──────── Supplied information ────────

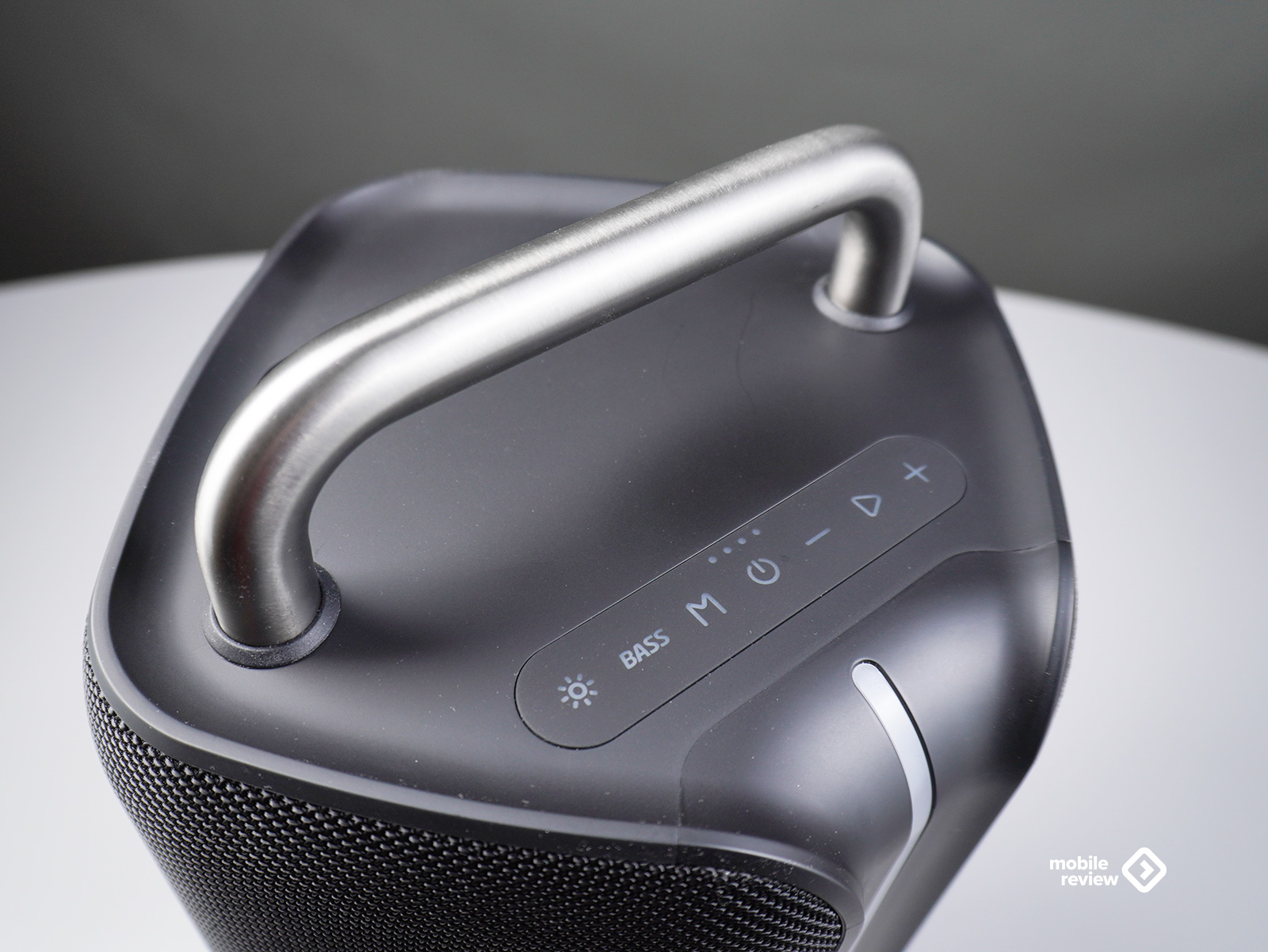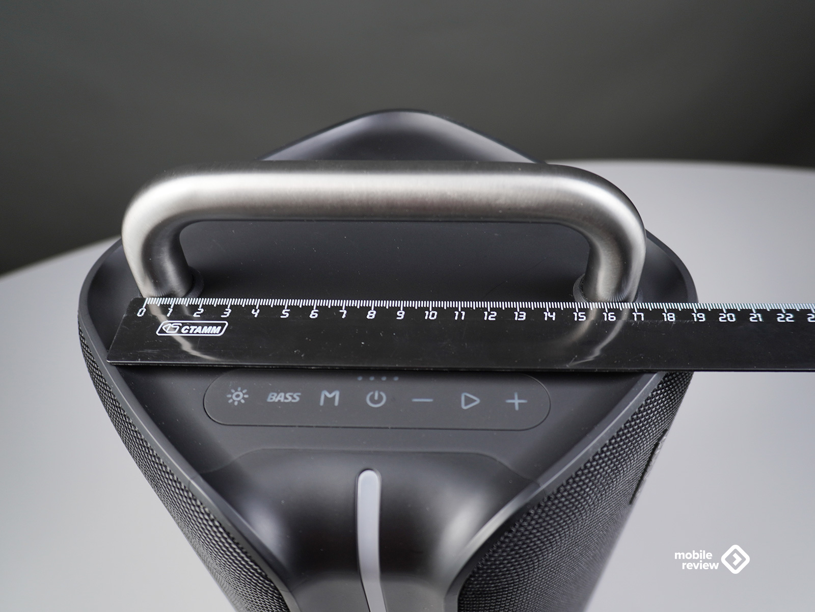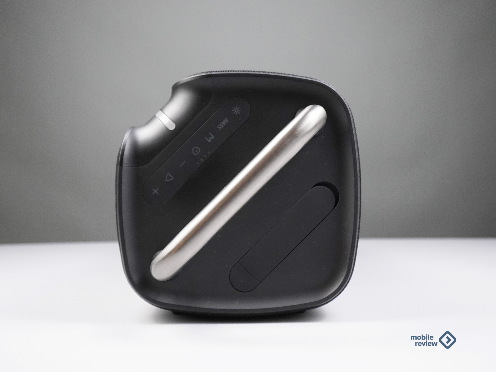 Интересно, что у «Молнии Бит» ручку решили сделать металлической. Она приятно холодит руку, но для повышения влагостойкости и уменьшения вибраций пришлось интегрировать ее в корпус колонки через резиновый уплотнитель. Насчет влаги не знаю, но с вибрациями справиться удалось.
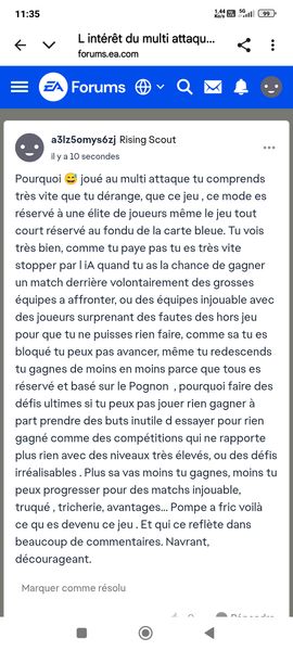 Tu comprends très vite que pour un jeu soi disant gratuit tu n aura rien, tu pourras pas avancer même finir par ne plus pouvoir jouer tellement les écart son énorme, avec des niveaux très élevés des tricheurs, l IA qui fait sa sauce arrange bien certain adversaire pour pouvoir jouer gagner facilement ben oui vu certainement qu il font chauffer la carte bleue, ils ont droit a tous surtout de gagner avoir des victoires facile, sans compter les tricheurs. Il est vraiment impossible de monter plus ou gagner plus tu es très vite bloqué. Quand tu a la chance de gagner un match ont te rappelle vite à l' ordre tu dérange la victoire es réservée à une catégorie de joueurs alors, L iA te fait jouer contre des grosses équipes, des équipes injouable même parfois des petites équipes tu sais pas d ou elle sorte mais plus de puissance de rapidité que leur propre gen sur le profil indiqué, quand tout n es pas faut truqué, et il arrive bizarrement toujours a gagner avec des hors jeu pas logique qui nous refuse des buts et eux en contrepartie des fautes des corners injustifiés et BOUM étonnant BUT il ont gagné sans vraiment jouer. Ce genre de comportement, de situation et de plus en plus courantes. Un jeu une application loin d être correct avec de plus en plus de tricherie, d incorrection, d injustice qui font dégoûter de joueurs fan ou avec toutes ces imperfections, malgré tous les coups rien es fait, pour le respect des bons joueurs. DOMMAGE et DÉCOURAGEANT.
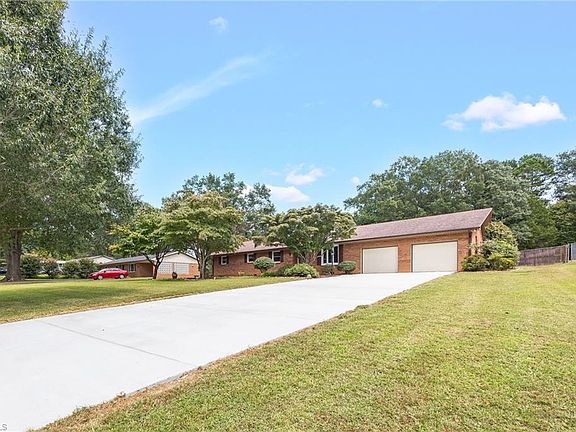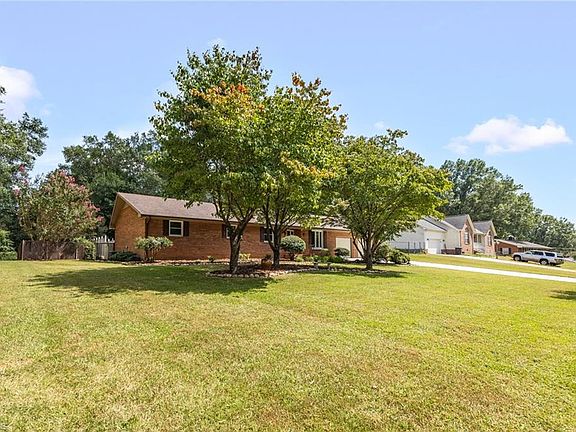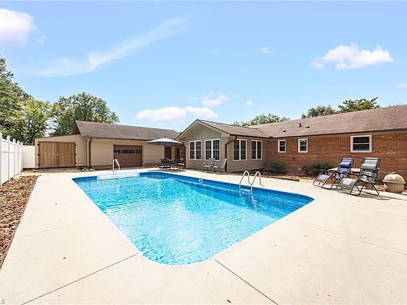 Welcome to this beautifully updated 3BR/2BA brick ranch on over ½ acre! Home has a large 2-car attached garage and mudroom/laundry with sink & cabinets. Fresh paint throughout highlights the spacious layout. The eat-in kitchen shines with brand-new quartz counters, stunning tile backsplash, and modern light fixtures plus a separate dining room and large living room with doors leading to a bright 15'8" x 15'4" sunroom overlooking the refreshing inground pool. The primary bedroom has a spacious walk-in closet and an ensuite with walk-in shower. Hall bath has dual sinks and a new tub/shower. Other amenities include a dedicated office, detached 700 sq ft workshop/garage, and covered brick patio. Outside enjoy a large front yard with mature landscaping, vinyl fencing around the pool, additional fenced yard space, crepe myrtles, and garden area. Brand-new concrete driveway fits six+ cars. Flooring includes hardwood, laminate, vinyl tile & new carpet. 1-yr home warranty. SEE AGENT REMARKS.

────────

What the exercise asks
The material above is to be repeated word for word, with no images kept.

Solution to this problem
 Интересно, что у «Молнии Бит» ручку решили сделать металлической. Она приятно холодит руку, но для повышения влагостойкости и уменьшения вибраций пришлось интегрировать ее в корпус колонки через резиновый уплотнитель. Насчет влаги не знаю, но с вибрациями справиться удалось.
 Tu comprends très vite que pour un jeu soi disant gratuit tu n aura rien, tu pourras pas avancer même finir par ne plus pouvoir jouer tellement les écart son énorme, avec des niveaux très élevés des tricheurs, l IA qui fait sa sauce arrange bien certain adversaire pour pouvoir jouer gagner facilement ben oui vu certainement qu il font chauffer la carte bleue, ils ont droit a tous surtout de gagner avoir des victoires facile, sans compter les tricheurs. Il est vraiment impossible de monter plus ou gagner plus tu es très vite bloqué. Quand tu a la chance de gagner un match ont te rappelle vite à l' ordre tu dérange la victoire es réservée à une catégorie de joueurs alors, L iA te fait jouer contre des grosses équipes, des équipes injouable même parfois des petites équipes tu sais pas d ou elle sorte mais plus de puissance de rapidité que leur propre gen sur le profil indiqué, quand tout n es pas faut truqué, et il arrive bizarrement toujours a gagner avec des hors jeu pas logique qui nous refuse des buts et eux en contrepartie des fautes des corners injustifiés et BOUM étonnant BUT il ont gagné sans vraiment jouer. Ce genre de comportement, de situation et de plus en plus courantes. Un jeu une application loin d être correct avec de plus en plus de tricherie, d incorrection, d injustice qui font dégoûter de joueurs fan ou avec toutes ces imperfections, malgré tous les coups rien es fait, pour le respect des bons joueurs. DOMMAGE et DÉCOURAGEANT.
 Welcome to this beautifully updated 3BR/2BA brick ranch on over ½ acre! Home has a large 2-car attached garage and mudroom/laundry with sink & cabinets. Fresh paint throughout highlights the spacious layout. The eat-in kitchen shines with brand-new quartz counters, stunning tile backsplash, and modern light fixtures plus a separate dining room and large living room with doors leading to a bright 15'8" x 15'4" sunroom overlooking the refreshing inground pool. The primary bedroom has a spacious walk-in closet and an ensuite with walk-in shower. Hall bath has dual sinks and a new tub/shower. Other amenities include a dedicated office, detached 700 sq ft workshop/garage, and covered brick patio. Outside enjoy a large front yard with mature landscaping, vinyl fencing around the pool, additional fenced yard space, crepe myrtles, and garden area. Brand-new concrete driveway fits six+ cars. Flooring includes hardwood, laminate, vinyl tile & new carpet. 1-yr home warranty. SEE AGENT REMARKS.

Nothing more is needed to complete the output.